Cody played schools camogie for Loreto Convent Crumlin and Mercy Convent Goldenbridge. She affiliated to three Dublin clubs during her career, winning three championships in two spells with Great Southern Railway club, in 1938-42 and 1945-49 with CIÉ, as they became known and another championship with the Dublin Optimists Camogie Club with whom she played in 1942-45. Eventually she captained the Dublin Celtic Camogie Club to the Dublin championship in 1950, having scored 4-4 in her first match for them against UCD in November 1949.

The report of the 1941 All Ireland final, her first, described her as "the most spectacular player on the field" despite the fact Dublin were beaten. She starred again in the 1942 drawn final, and having missed the 1943 her "all round brilliance" was praised in the report of the 1944 final. She did not play in 1945-6 because of a dispute which tore apart the Camogie Association but when her club broke with Dublin county board she played again in the 1947 final at the end of which she saw her would-be equaliser, which appeared to cross the line, disallowed in the fading light.

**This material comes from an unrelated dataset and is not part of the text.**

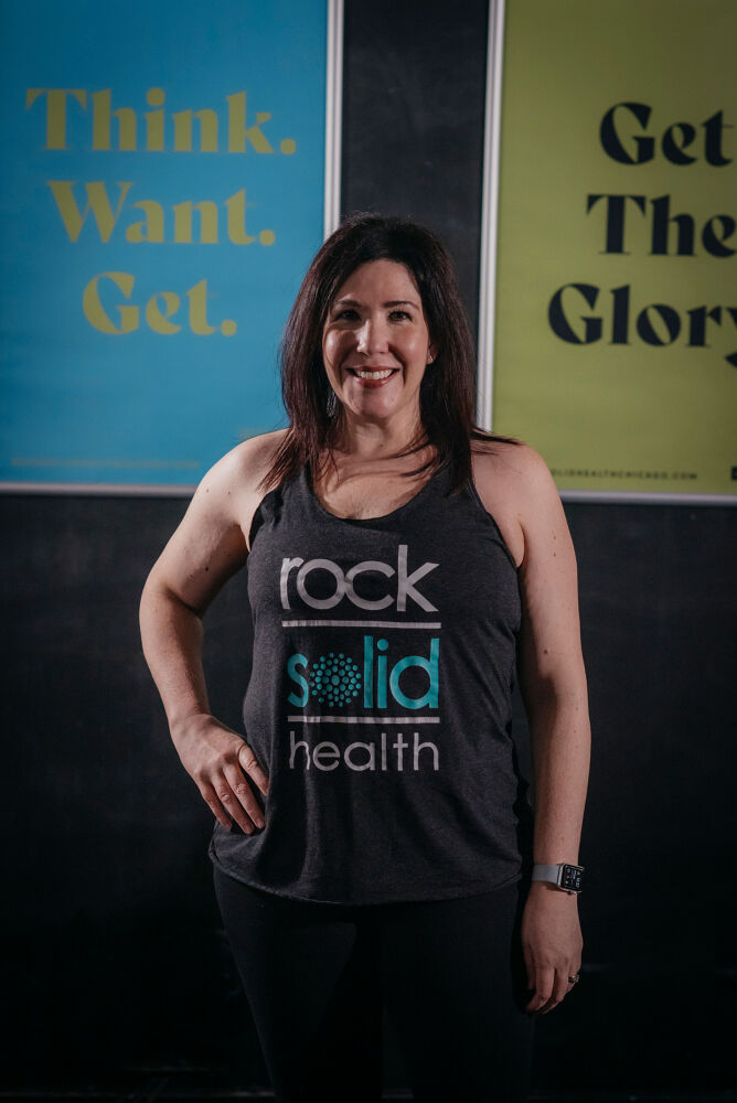 My fitness journey started after I graduated college when I found a love for strength training. I worked out consistently for 3 years with a personal trainer, pushing myself to build strength and lose weight; however, I was on such a restrictive diet and intense workout program, it was ultimately not maintainable. I lost track of my goals and started back into an unhealthy lifestyle, putting me back to square one. At this point I was living in Ohio and decided to move to Chicago. With the change in scenery it was also time to make a lifestyle change. I knew I had to get back in the swing of things and was looking for strength focused class and stumbled upon Rock Solid. It looked like everything I was looking for; small class size, strength-based, and classes 3x a week with additional classes for yoga, boxing, conditioning, etc.

Cody scored three of Dublin’s eleven goals in the 1948 All Ireland final against Down and was the star again at centre field in 1950 and remained the play-maker as she won her sixth and seventh All Ireland medals in 1951 and 1952, at which stage her club-mate Sophie Brack had taken over goal scoring duties.

==Administration==
While still a player she was elected chair of Dublin camogie board.

==Retirement==
Having won seven All Ireland medals and eleven Leinster championship medals and at the age of just 24, Kathleen Cody announced she was retiring and joining the Holy Faith order convent in Glasnevin in January 1952.
She later went to live in Worthing, Sussex, England, and was awarded a medal for heroism when she helped rescue five people from a fire in a flat in April 1975.